This Wiki article claims that the surface of this pulsar, at it’s equator, is spinning at a quarter of the speed of light. That’s seems incredibly fast for ordinary matter to be to be moving, much less revolving around a very tight radius.
Is it just the incredible denseness that keeps it from flying apart? If it slowed down would it become a black hole?
Really interesting! My quick, back-of-the-envelope calcs using the Wikipedia-provided values give me:
323.8 thousand km/s^2 for the required centripetal acceleration, to keep the particles from flying away at that speed. In other words, the particles are being flung outward with that much acceleration.
vs
777.5 million km/s^2 is the gravitational accel. at 16 km (the radius of the neutron star) of 1.5x the sun’s mass
So… the gravity force is about 2000 times greater than needed to keep the star together. Of course, I’m not including anything fancy like relativity.
Yes. It’s useful to keep in mind that on the scale of planets and stars, tensile strength effectively doesn’t exist and objects can be treated as droplets of liquid for such questions as “why are they that shape” and “how do they hold together”.
Also, pretty much all of the numbers associated with pulsars are huge beyond human imagining. Like, in some pulsars, the magnetic field has a density ten thousand times as great as lead. Not the matter of the star; literally just the magnetic field.
I’ve been trying to understand that since you posted it. Even googling and reading up on it doesn’t really help much.
AI overview:
The magnetic field energy surrounding a neutron star—specifically a magnetar—possesses an energy density that is profoundly greater than the physical density of lead.
Mass Density of Magnetar Magnetic Fields: The magnetic field of a magnetar can reach intensities of 1010Tesla (or higher), which results in an energy density (E/c2) more than 10,000 times greater than the physical density of lead.
Physical Density of Lead: Lead has a density of approximately 11.34 g/cm³.
Neutron Star Density: A teaspoon of neutron star material, regardless of its magnetic field, already weighs about 10 million tons.
Magnetic vs. Material Density: The energy stored in the magnetic field of a magnetar is so high that it can deform atoms into thin cylinders and polarize the vacuum itself.
Theoretical Comparison: This magnetic field energy density is so intense that it is suggested to be one of the only things in the universe (other than a black hole) that can store energy at a higher density than ordinary physical matter.
I’m trying to picture what that gravity field would look like? !s it still transparent (like gravity fields on earth) or is it more like a solid?
A nice animation here. NASA SVS | Migrating Magnetar Hot Spot Animations.
Trapped particles and starquakes in this field would produce brilliant flashes of X-rays, so I really don’t think you’d want to get close enough to see the surface in any detail.
A quote from Wikipedia on Magnetars, the term for this subtype of pulsars.
As described in the February 2003 Scientific American cover story, remarkable things happen within a magnetic field of magnetar strength. “X-rayphotons readily split in two or merge.
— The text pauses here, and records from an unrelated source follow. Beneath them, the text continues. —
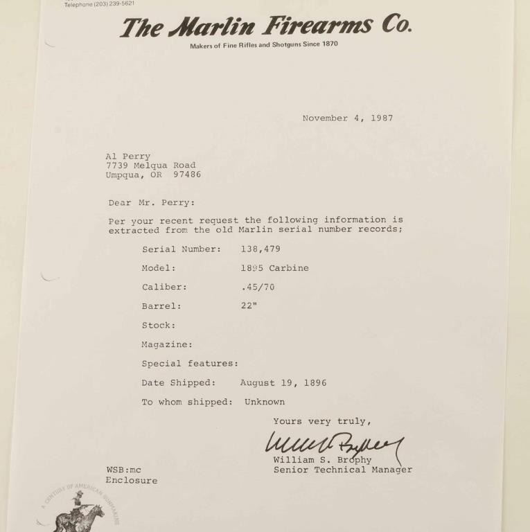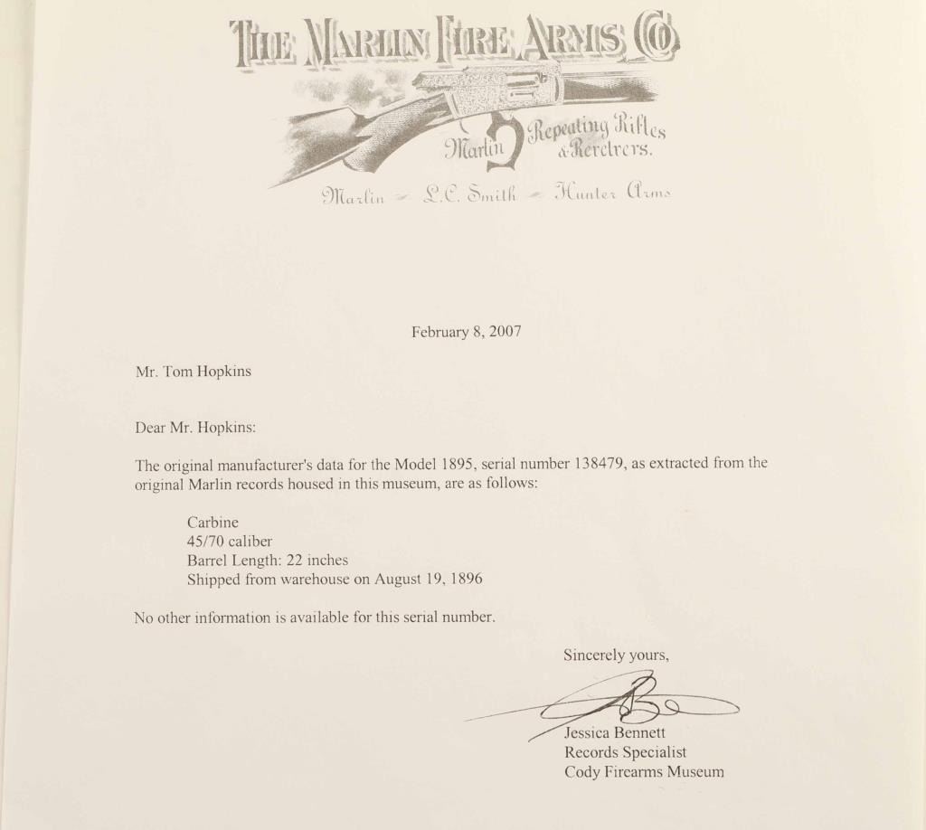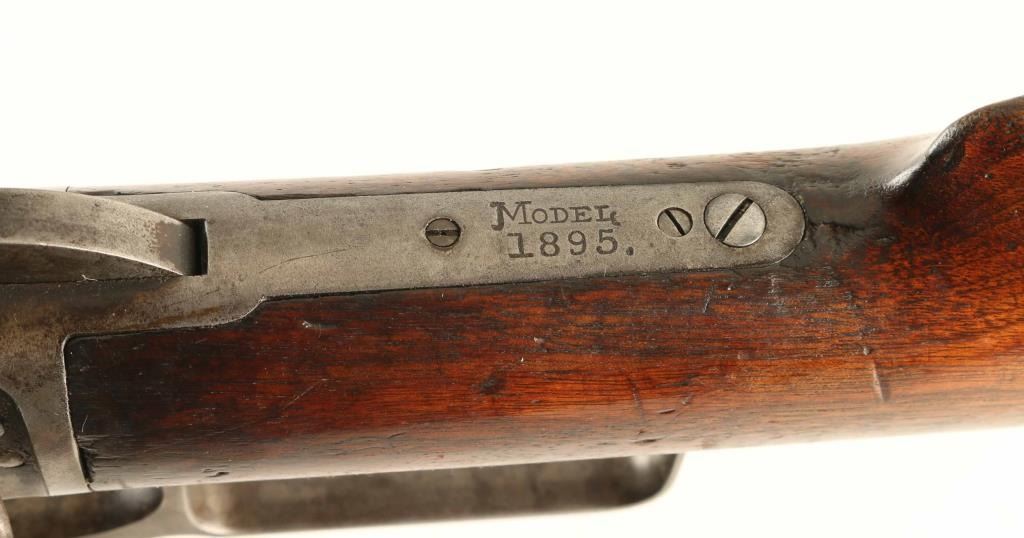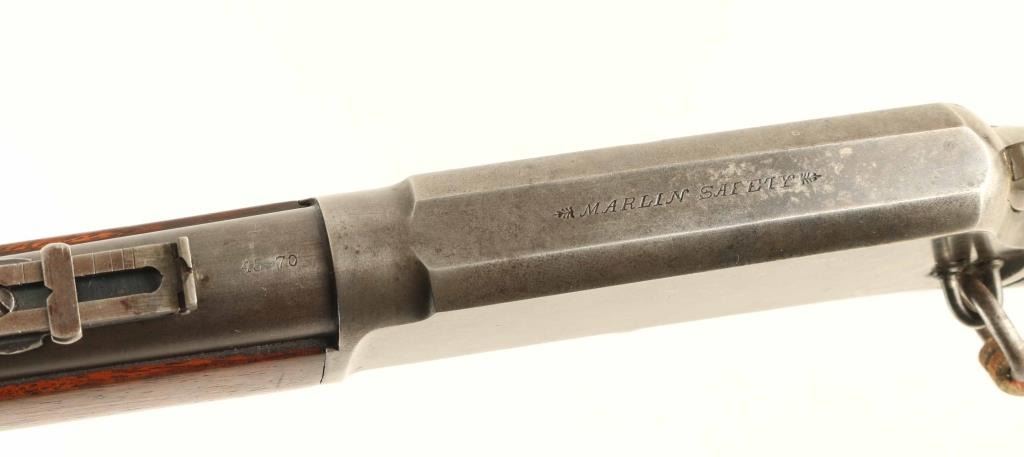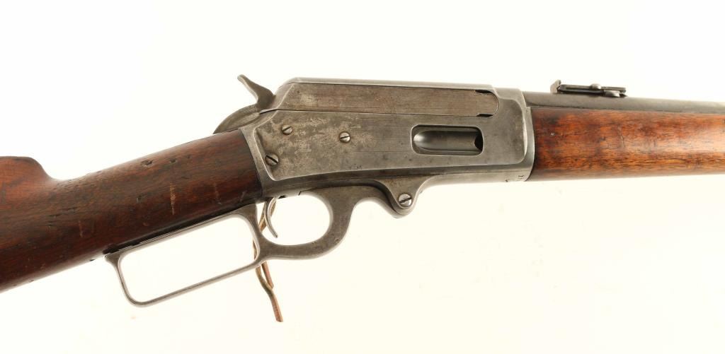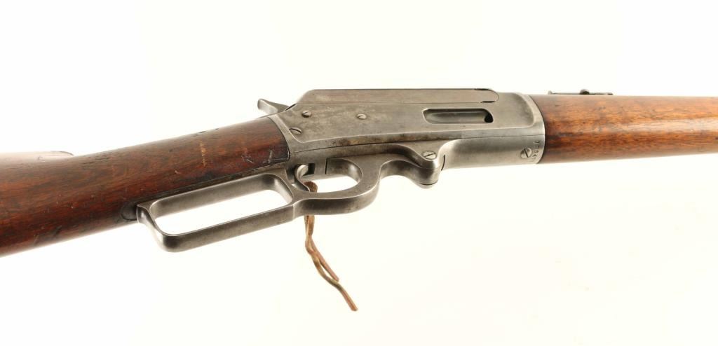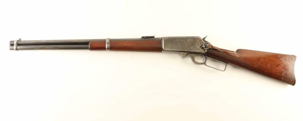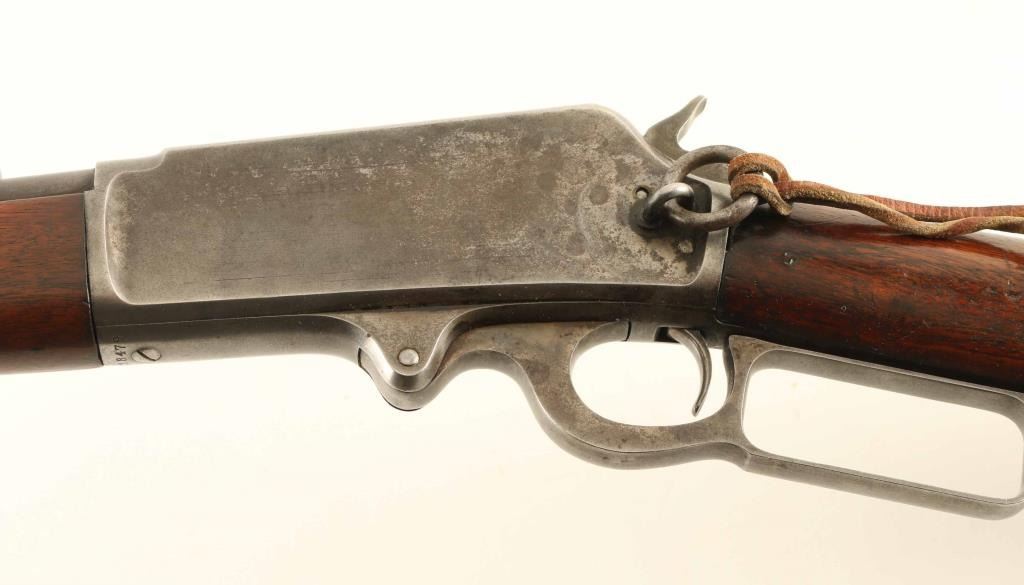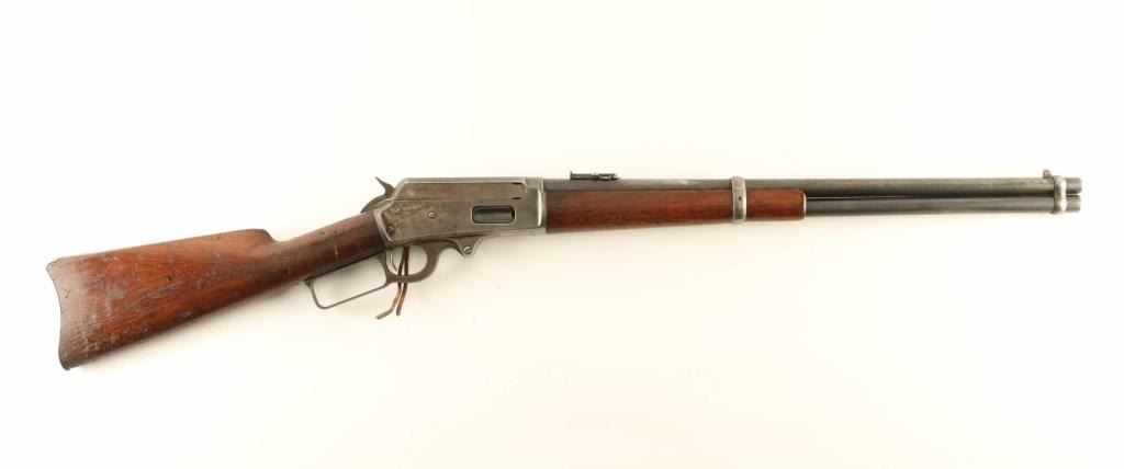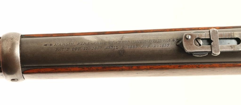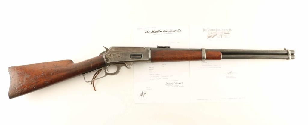 'Saddle Ring Carbine' manufactured circa 1896. Features 22" round barrel, full length magazine tube, blade front sight, flip up ladder type rear sight, straight grip, curved steel carbine buttplate, saddle ring. Bore is very good condition, lightly frosted or pitted with strong rifling. Blued finish has largely turned a dull gray at the action, with bare metal at high spots and all edges. Barrel and magazine tube show darker color, some brighter blue remains in protected areas. Bands are mostly bare metal with light pitting or dents. Buttplate is bare metal with light coverage of patina and thin rust. Screw heads show light pitting, marred slots. Wood is good condition, varnished, overall good fit to metal, many dents (especially along bottom of butt), loss or thinning of finish on forend and at toe of butt, darkened wood at wrist. Action operates smoothly. Markings are sharp & readable. Includes letter from Cody Firearms Museum at the Buffalo Bill Historical Center describing features for this rifle contained in the original Marlin factory records. Condition is NRA Very Good (varnished wood) *** Antique Firearm ***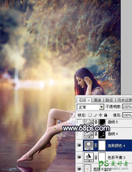 20、用曲线把人物背光区域调暗一点,再给图片增加暗角,效果如下图。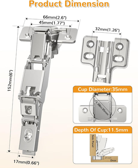 120° Frameless Euro Concealed Soft Close Cabinet Hinge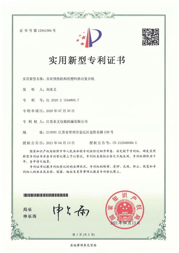 江蘇來義包裝機械有限公司成立于2007年,位于長三角經濟帶常州市金壇區,主要從事擠出復合生產線的研發、生產與銷售。依托全方位的技術開發、試驗、交流、咨詢、服務,致力于多領域的科技推廣和應用。多年來,公司始終秉承“義”的價值觀,堅守“專注研發、質量第一、客戶至上”的經營理念,孜孜以求,持續深耕,擁有各項專利達60余項,先后榮獲“江蘇省高新技術企業”、“江蘇省民營科技企業”、“中國人民銀行AAA信用評級”等榮譽稱號,成為行業佼佼者。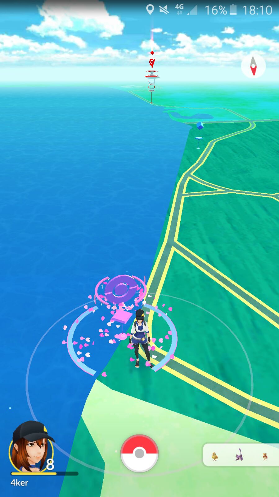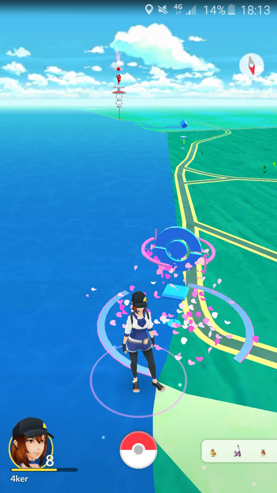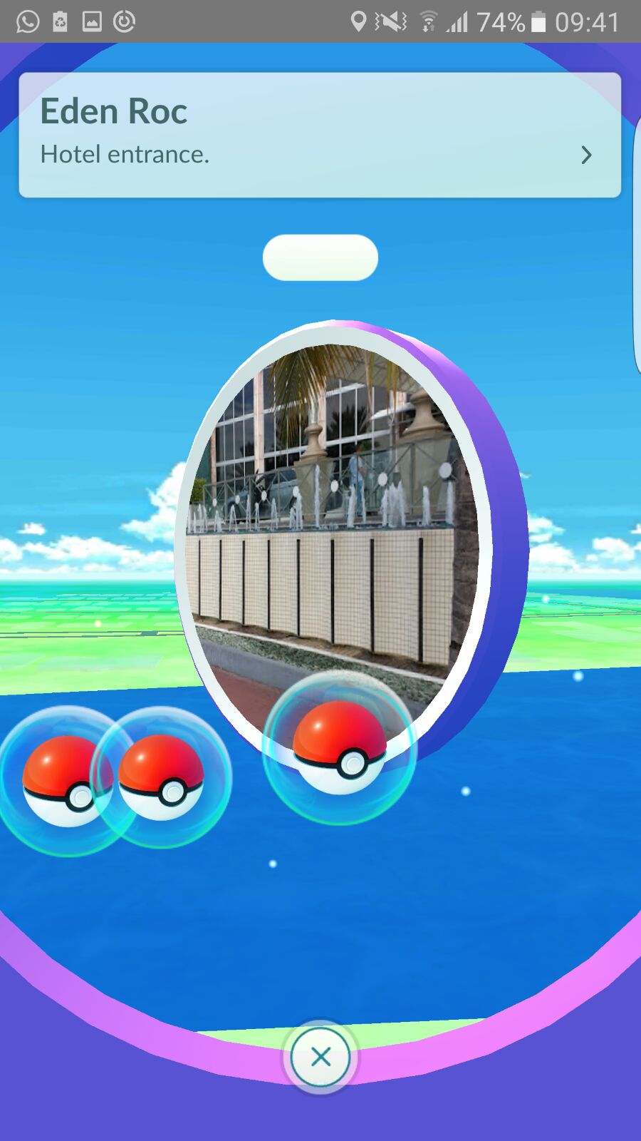 Nähert ihr euch einem PokéStop, ändert er auf der Karte sein Aussehen. Aus dem Würfel formt sich ein Pokéball, tippt ihr diesen an, seht ihr in der Mitte ein Bild des jeweiligen Stops, das ihr nach links oder rechts drehen könnt. Wird dies getan bekommt ihr 3 bis 7 zufällige Items in Luftblasen angezeigt. Tippt ihr diese an erhaltet ihr die jeweiligen Items in den Beutel - ein Klick auf das x befördert automatisch alle Items in euren Besitz.
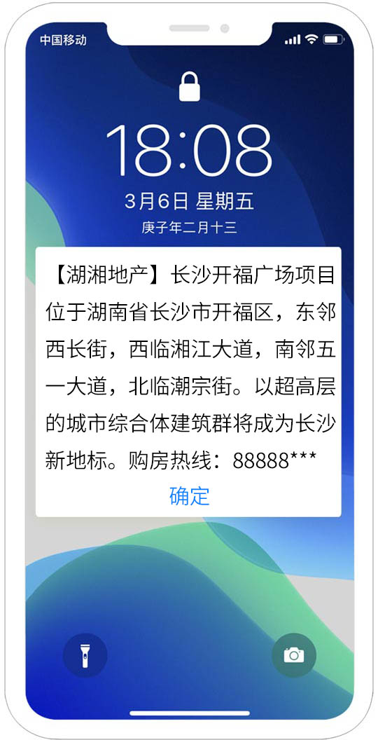 閃信群發(fā),高到達(dá)率,高閱讀率,低攔截率,閃信彈屏、直接閱讀,短信內(nèi)容不留存手機(jī),精準(zhǔn)推送,無(wú)攔截?zé)o打擾、閱后即焚。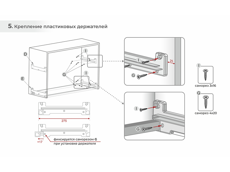 Регулируемый нижний держатель допускает установку в короб с внутренней глубиной от 280 мм и монтаж задней стенки 4 мм в паз.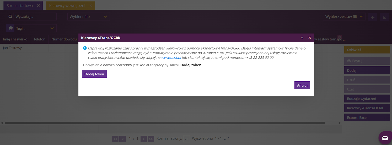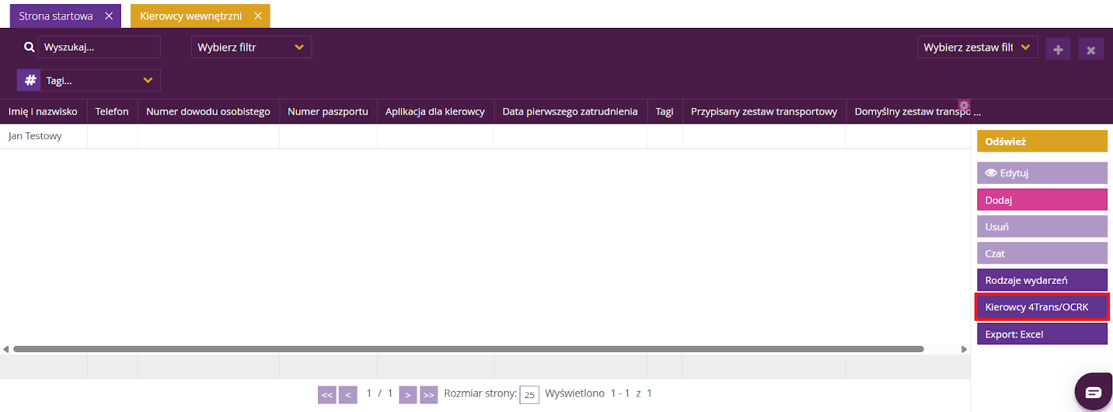 W widoku listy kierowców, po prawej stronie, wybierz Kierowcy 4Trans/OCRK.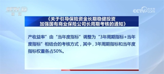 《通知》明确,为引导国有商业保险公司长期稳健经营,更好发挥中长期资金的市场稳定器和经济发展助推器作用,加强对国有商业保险公司的长周期考核,根据《财政部关于印发<商业保险公司绩效评价办法>的通知》,将经营效益指标的“净资产收益率”由“当年度指标”调整为“3年周期指标+当年度指标”相结合的考核方式,其中,3年周期指标和当年度指标权重各占50%。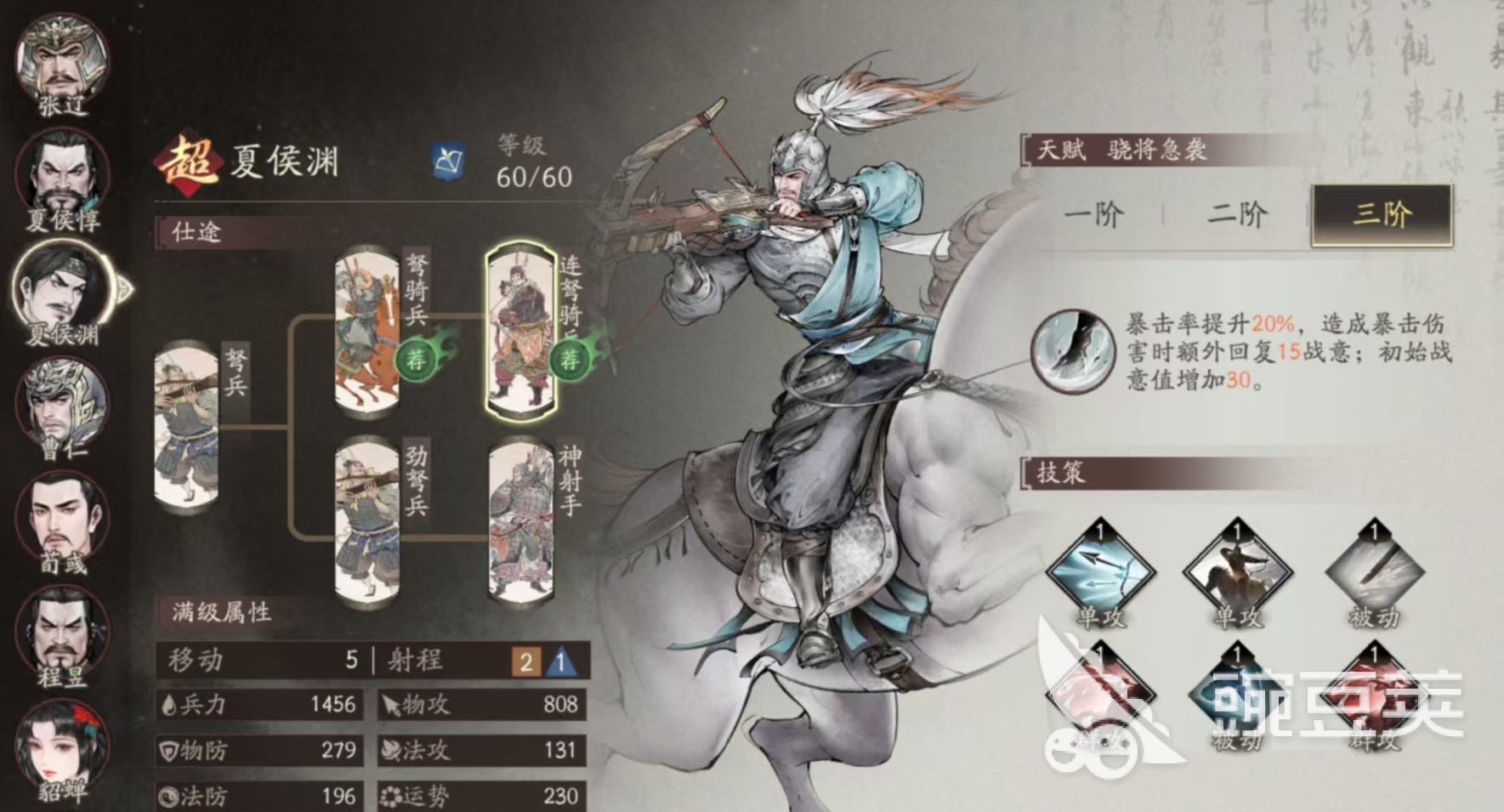 弓兵系是遠(yuǎn)程火力的代表,能進(jìn)行精準(zhǔn)射擊和持續(xù)輸出,在較遠(yuǎn)的地方對敵方重要目標(biāo)進(jìn)行精確打擊,代表武將是夏侯淵。夏侯淵擁有非常強(qiáng)的遠(yuǎn)程單體爆發(fā)和高移動特點(diǎn),自身的核心機(jī)制在于提升暴擊率和暴擊恢復(fù)怒氣,注重單體爆發(fā)的夏侯淵,其實并不需要更大的攻擊范圍,兩個分支的被動技能都非常強(qiáng),在前期資源不夠的情況下性價比很高。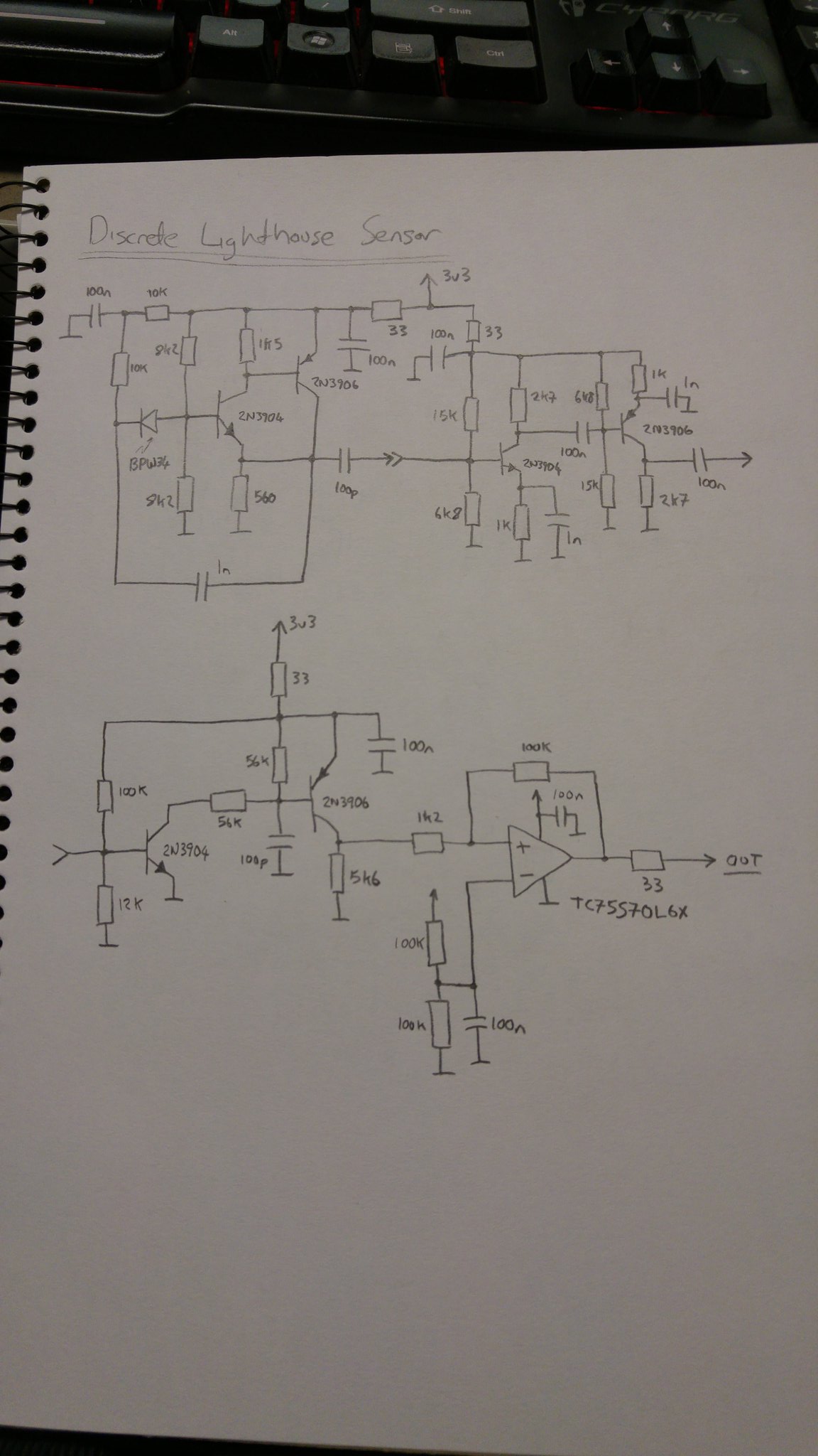 Second, the sensor is known – the real Vive wands use BPW43 photodiodes. The most likely reason for a photodiode instead of phototransistor is that is that the laser light from the lighthouses is modulated at around 2 MHz or so, both for helping to eliminate interference from other light sources and to potentially to allow more systems to work in the same space by transmitting data over the light signal. Phototransistors may not be fast enough for this.

The vacuum itself is polarized, becoming strongly birefringent, like a calcite crystal. Atoms are deformed into long cylinders thinner than the quantum-relativistic de Broglie wavelength of an electron.”
If even x-rays are being messed up, I doubt visible light would get through without being wildly distorted.
OK, you know how matter can be converted to energy? Well, it’s not really converted: Matter is always energy. We just don’t think of it as such, because it’s so much denser than most other forms of energy we encounter.
Most. But electromagnetic fields also contain energy. And the electromagnetic fields in a magnetar are so ludicrously strong, that they contain energy much denser than any sort of what we’d call “normal” matter.
That AI overview is wrong, though: Magnetic fields that strong cannot polarize the vacuum, because doing that would require producing magnetic monopoles, and magnetic monopoles are way too massive. An electric field of comparable magnitude probably would polarize the vacuum, but you only need electrons (much lighter) in order to do that.